James J. McDermott Jr. was the former CEO and chairman of Keefe, Bruyette & Woods. He was arrested and charged with insider trading in December 1999 by federal authorities.

McDermott had revealed details about an upcoming merger in 1997 to his lover, Kathryn Gannon. He had been living in Briarcliff Manor, New York with his wife and children. McDermott's lawyers blamed his lapse in judgment on alcohol, depression and family problems. U.S. District Judge Kimba Wood reduced his sentence from 24 months to just 8 months. Although an appeals court overturned McDermott's conviction in 2001, saying his mistress had been unfairly portrayed as a prostitute, McDermott decided against a new trial and instead pleaded guilty to one charge of insider trading. In the end, he lost $25,000 in fines and five months of freedom. He was also barred from working in investment management.

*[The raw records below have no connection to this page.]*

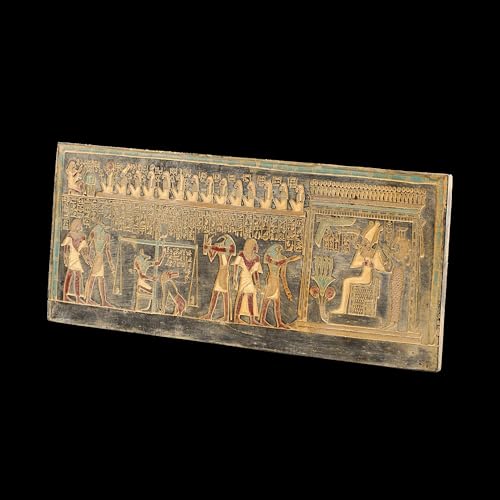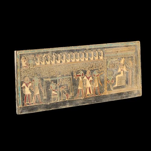 Generic - لوح حجري فريد كبير جميل يصور يوم الحساب عند القدماء المصريين بتصميم جميل يحتوي على منحوتات لأنوبيس (إله الموتى) وأمت وتحوت على حجر أسود، ثقيل ومطلي يدويًا، صنع في مصر
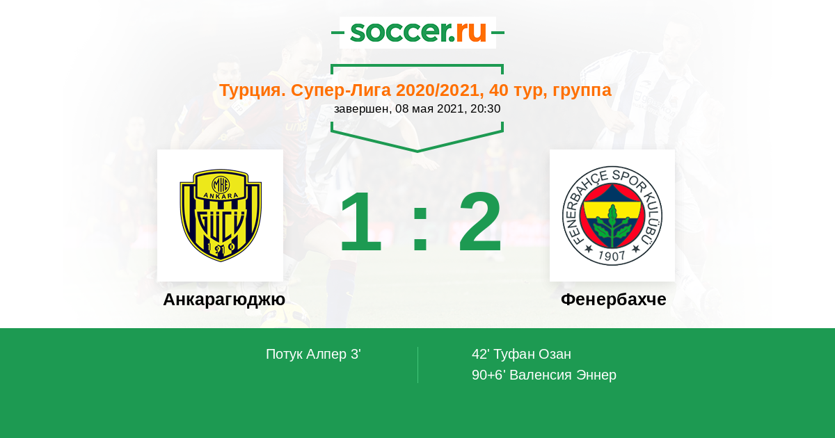 Протокол матча Анкарагюджю против Фенербахче
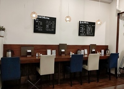 白くて明るい壁の店内には、おしゃれなランプと白と青の椅子が映えてインスタ映えする空間です。
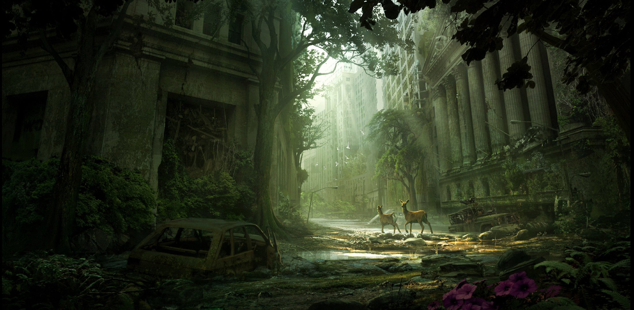 Eine sonnige Stadt mit einem smaragdgrünen Fluss
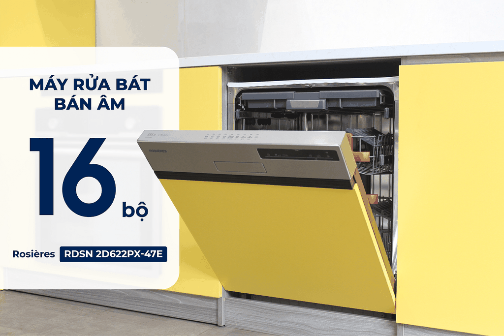 Sở hữu thiết kế bán âm tinh tế, dung tích 16 bộ rộng rãi, 9 chương trình rửa tự động, 6 mức nhiệt độ linh hoạt cùng các công nghệ tiên tiến như Rapid Wash, Steam Wash và Extra Dry, Rosières RDSN 2D622PX-47E lựa chọn hoàn hảo cho những gia đình tìm kiếm một chiếc máy rửa bát vừa sang trọng, hiện đại, vừa hiệu quả và bền bỉ.
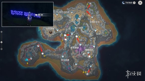 8號:在獨眼大寶後面,進去右邊的石室里,左邊是有鍾的房間。(需要先完成層岩巨淵深游記的全部6個任務,門才會開)

McDermott's family sued him in 2009 on grounds that he had allegedly taken the family trust while his mother was in a nursing home.

References

External links
Profile, nydailynews.com; accessed July 11, 2017.
SEC report
Inside trade by porn star?, December 21, 1999
United States Court of Appeals,Second Circuit. UNITED STATES of America, Appellee, v. James J. McDERMOTT, Jr., Defendant-Appellant, Kathryn B. Gannon, also known as Kathryn B. Gannon Akahoshi, also known as Marylin Star, and Anthony P. Pomponio, Defendants.Docket No. 00-1572.Decided: March 29, 2001.

American financial businesspeople
American white-collar criminals
Living people
People from Briarcliff Manor, New York
Year of birth missing (living people)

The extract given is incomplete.